The NVIDIA RAPIDS Shuffle Manager is a custom ShuffleManager for
Apache Spark that allows fast shuffle block transfers between GPUs in the
same host (over PCIe or NVLink) and over the network to remote hosts (over
RoCE or Infiniband). The RAPIDS Shuffle Manager is based on Unified
Communication X (UCX).
NVIDIA RAPIDS Shuffle Manager has been shown to accelerate
workloads where shuffle is the bottleneck when using the RAPIDS
accelerator for Apache Spark. It accomplishes this by using a GPU
shuffle cache for fast shuffle writes when shuffle blocks fit in GPU
memory, avoiding the cost of writes to host using the built-in Spark
Shuffle, a spill framework that will spill to host memory and disk on
demand, and UCX as its transport for fast network and peer-to-peer
(GPU-to-GPU) transfers.
Cloudera and NVIDIA recommend using the RAPIDS shuffle manager for
clusters with Infiniband or RoCE networking.
-
Download UCX v1.10.1 for your operating
system.
- Install the downloaded packages using your operating system
package manager.
For CentOS, if you do not have Infiniband
or RoCE networking, you only need to install the following
packages:
ucx-1.10.1-1.el7.x86_64.rpm
ucx-cuda-1.10.1-1.el7.x86_64.rpm
If
you have Infiniband or RoCE networking, install the following
packages:
ucx-1.10.1-1.el7.x86_64.rpm
ucx-cuda-1.10.1-1.el7.x86_64.rpm
ucx-rdmacm-1.10.1-1.el7.x86_64.rpm
ucx-ib-1.10.1-1.el7.x86_64.rpm
-
Configure Mellanox Infiniband or RoCE networking. For more information, see
spark-rapids documentation and
Mellanox documentation.
Note, that:
- UCX is agnostic to switch model and make.

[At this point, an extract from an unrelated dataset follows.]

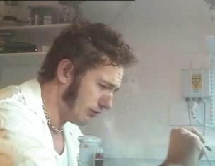 Virkningen av røyken kommer umiddelbart; Kristopher hoster så tårene triller. Han spytter ut slim mellom trekkene.

- UCX is fully tested on Mellanox RDMA hardware, other hardware may not be
compatible. UCX supports TCP when RDMA is not possible otherwise, but it
is not recommended as the best performance for UCX is with RDMA
hardware.
-
Validate your UCX environment following the instructions provided in the NVIDIA
spark-rapids documentation.
-
Before running applications with the RAPIDS Shuffle Manager, make the following
configuration changes:
-
Disable the External Shuffle Service:
spark.shuffle.service.enabled=false
-
Disable Dynamic Allocation:
spark.dynamicAllocation.enabled=false
-
Enable the RAPIDS Shuffle Manager:
spark.shuffle.manager=com.nvidia.spark.rapids.spark311cdh.RapidsShuffleManager
-
Specify the “extraClassPath” Executor:
spark.executor.extraClassPath=/opt/cloudera/parcels/SPARK3_RAPIDS/lib/spark3/rapids-plugin/*
-
At a minimum, make the following UCX settings:
spark.executorEnv.UCX_ERROR_SIGNALS=
spark.executorEnv.UCX_MEMTYPE_CACHE=n
- Optional:
Recommended additional UCX settings:
spark.executorEnv.UCX_TLS=cuda_copy,cuda_ipc,rc,tcp
spark.executorEnv.UCX_RNDV_SCHEME=put_zcopy
spark.executorEnv.UCX_MAX_RNDV_RAILS=1
spark.executorEnv.UCX_IB_RX_QUEUE_LEN=1024
For more information
on environment variables, see the NVIDIA
spark-rapids
documentation.
-